__GIVEN INFORMATION__
▼

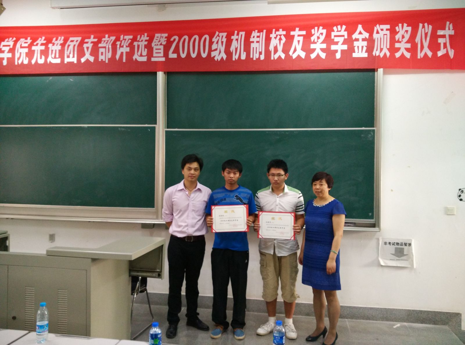 2015年5月12日下午,机电学院在C5-201成功举行2000级机制校友奖学金颁奖仪式。出席本次颁奖仪式的嘉宾有2000级机制班班主任于怡青老师、2000机制校友代表黄身桂老师等人出席了颁奖仪式,参加本次颁奖仪式的还有机电学院各班级的学生代表。
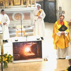 Mit einer großen Gottesdienstgemeinschaft feierte Vikar Gerhard Hatzmann am Ostermontag in unserer Pfarrkirche den Festgottesdienst, unterstützt von den Diakonen Michi Zepf und Franz Habith und einigen Minis. Unter diesen befand sich auch ein Geburtstagskind, Victor, dem gleich zu Beginn „viel Glück und viel Segen“ gewünscht wurde.
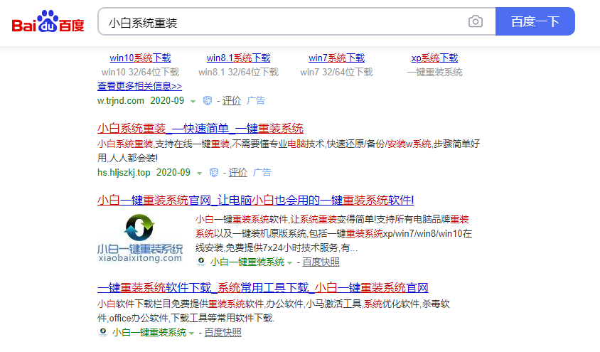 1.首先在百度搜索并下载小白一键重装系统即可。

▲

__WORK REQUIRED__
If a picture falls within the lines from the one containing "Mit einer großen" through the end of the material, leave it out while repeating those lines exactly.

__COMPLETED EXERCISE__
 Mit einer großen Gottesdienstgemeinschaft feierte Vikar Gerhard Hatzmann am Ostermontag in unserer Pfarrkirche den Festgottesdienst, unterstützt von den Diakonen Michi Zepf und Franz Habith und einigen Minis. Unter diesen befand sich auch ein Geburtstagskind, Victor, dem gleich zu Beginn „viel Glück und viel Segen“ gewünscht wurde.
 1.首先在百度搜索并下载小白一键重装系统即可。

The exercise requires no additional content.